Most people crave and sometimes achieve the wonder and closeness of a good marriage. And yet, in spite of that, we occasionally, if not frequently, get into annoyance and difficulty when our partner is in a bad mood or says or does something that we find upsetting. As time goes on, we develop (or we came to the marriage with it) a subtle sense of anger at our spouse—or against men or women. In either case, it comes out from time to time with minor insults or jokes against our spouse. But, of course, we are just joking. Couples frequently go through that pattern throughout their marriage. But are we just joking? How can someone think of something as a joke if it hurts the person who is supposed to be the most important person in our life?
I don’t know about you, but I come across this quite frequently. And even in couples that seem OK. Sometimes the person at the brunt of the joke smirks a bit, or looks away, or gives some minor indication that he or she is annoyed, but then goes on as if nothing happened. And everyone, certainly the offender, thinks it’s fine. But it’s not fine. It may not be a mortal blow, but it takes its toll in decreased marital satisfaction and some degree of unhappiness that often builds over time.
You may hear someone telling a story like the following: God created Adam. But Adam complained that life was boring – he has no-one to share it with. So God created Eve. After a while, God asked “so what do you think of Eve?” Adam responds “She’s SOOO beautiful.” God says “I made her beautiful so you would love her.” Adam immediately adds “But she’s so stupid!” To which God retorts, “I made her stupid so she will love you!”
Is that an insult to women?

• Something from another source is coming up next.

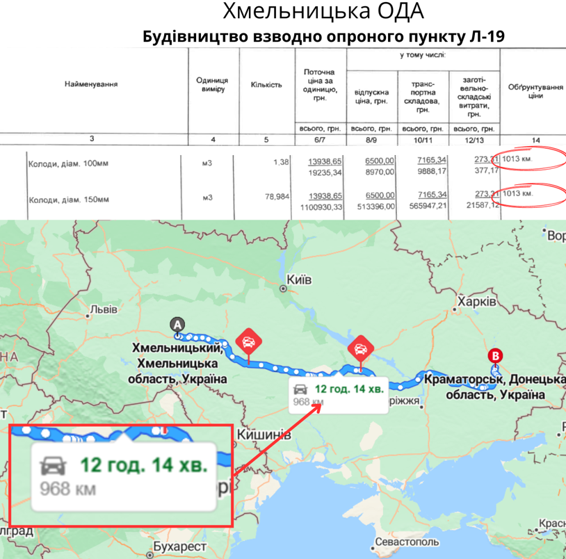 Відмітимо цікаві нюанси з доставкою деревини для фортифікацій. Найбільше тут відзначилась Хмельницька ОДА. Її колоди й так були вдвічі дорожчими від ринку – 7 800 грн за куб. Але хмельничани вписали в кошторис ще й доставку по 8 598 грн за куб на відстань 1 013 кілометрів (це відповідає відстані між Хмельницьким і Донеччиною). У результаті хмельницька деревина для фортифікацій обійшлась у 16 400 гривень за кубометр. Що в рази перевершує всі уявлення про ринкові ціни.

To men? To both? I’m not sure. But I am sure that if the joke is made by a man directed at his wife, particularly if it is part of a pattern of such comments, it is demeaning for the woman and very negative for the marriage.
Humor is sometimes helpful, especially in getting through the sometimes difficult aspects of life. But it is NEVER helpful, if it is used against a spouse. If you are annoyed about something, find a way to defuse the situation, let it go, and go on with your wonderful marriage. If you can’t, then carefully explain it to your spouse (without blaming), and discuss it and try to get past it. If you can’t, then maybe you could discuss it with a wise person or a Rav or, if necessary, a therapist. But NEVER use humor (or any other means) against your partner. In the end you are using it against yourself.